**Records shown:**

:::

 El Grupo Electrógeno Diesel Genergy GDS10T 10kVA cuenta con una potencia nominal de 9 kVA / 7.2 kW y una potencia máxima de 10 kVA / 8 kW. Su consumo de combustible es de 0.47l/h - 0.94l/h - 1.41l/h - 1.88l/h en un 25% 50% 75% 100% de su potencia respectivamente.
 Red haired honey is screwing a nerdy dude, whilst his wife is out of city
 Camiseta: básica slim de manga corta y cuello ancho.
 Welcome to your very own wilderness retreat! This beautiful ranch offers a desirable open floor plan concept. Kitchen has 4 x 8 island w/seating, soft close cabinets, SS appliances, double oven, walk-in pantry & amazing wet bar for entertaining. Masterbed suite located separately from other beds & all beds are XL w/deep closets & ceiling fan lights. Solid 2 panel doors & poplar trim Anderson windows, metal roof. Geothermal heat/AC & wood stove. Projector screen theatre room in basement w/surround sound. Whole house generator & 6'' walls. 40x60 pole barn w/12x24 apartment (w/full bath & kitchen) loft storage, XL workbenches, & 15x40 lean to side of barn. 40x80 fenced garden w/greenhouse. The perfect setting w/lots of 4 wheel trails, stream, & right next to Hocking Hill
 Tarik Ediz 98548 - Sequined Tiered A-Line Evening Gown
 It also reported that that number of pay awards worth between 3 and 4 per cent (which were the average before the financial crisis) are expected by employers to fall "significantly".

:::

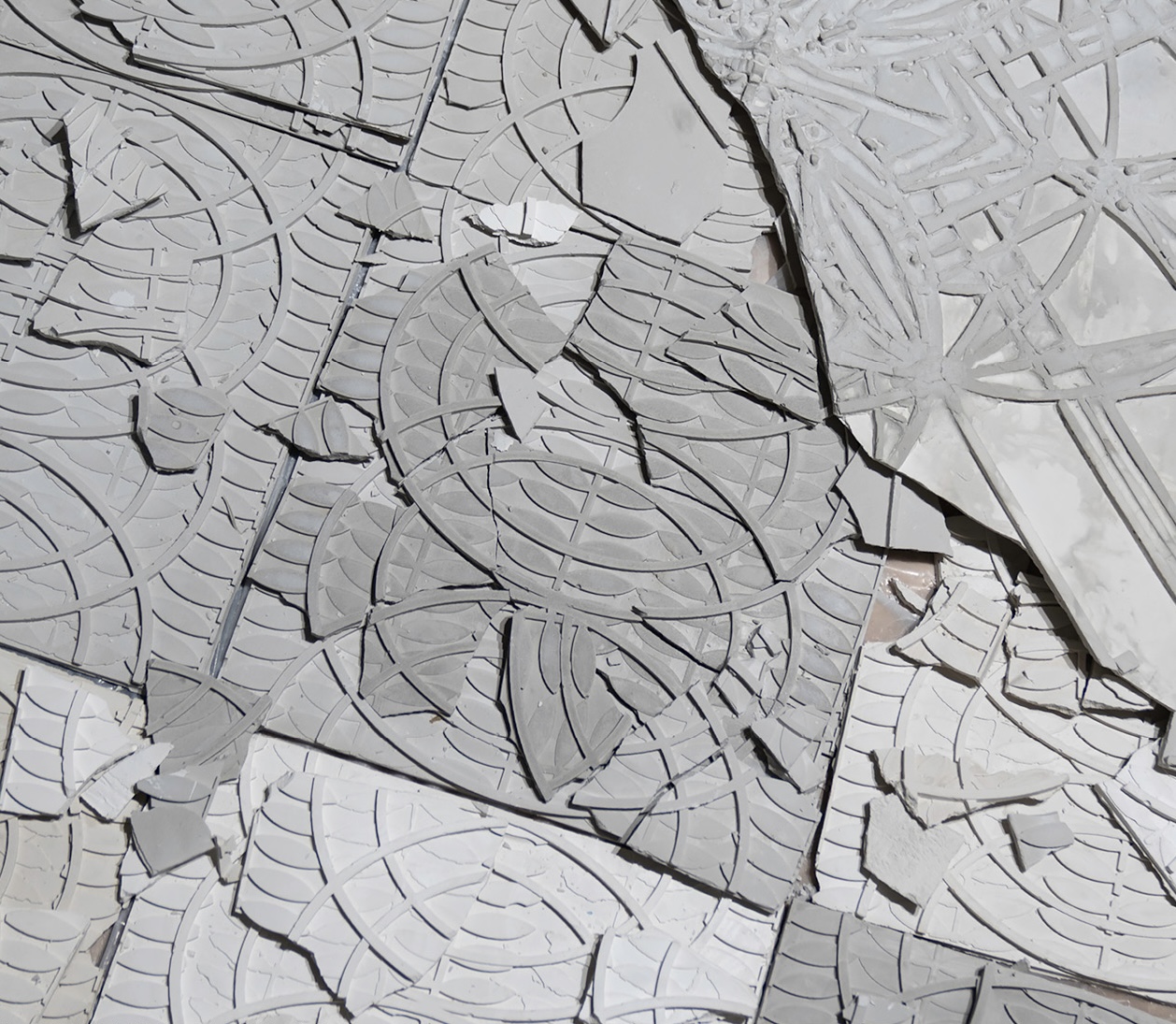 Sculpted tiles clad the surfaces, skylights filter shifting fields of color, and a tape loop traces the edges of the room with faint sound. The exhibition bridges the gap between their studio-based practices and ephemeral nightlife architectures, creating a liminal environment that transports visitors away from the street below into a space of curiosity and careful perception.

:::

Working from the records above, write out verbatim only the lines from the line containing "Tarik Ediz 98548" through the line containing "It also reported".

**Output of the task:**
 Tarik Ediz 98548 - Sequined Tiered A-Line Evening Gown
 It also reported that that number of pay awards worth between 3 and 4 per cent (which were the average before the financial crisis) are expected by employers to fall "significantly".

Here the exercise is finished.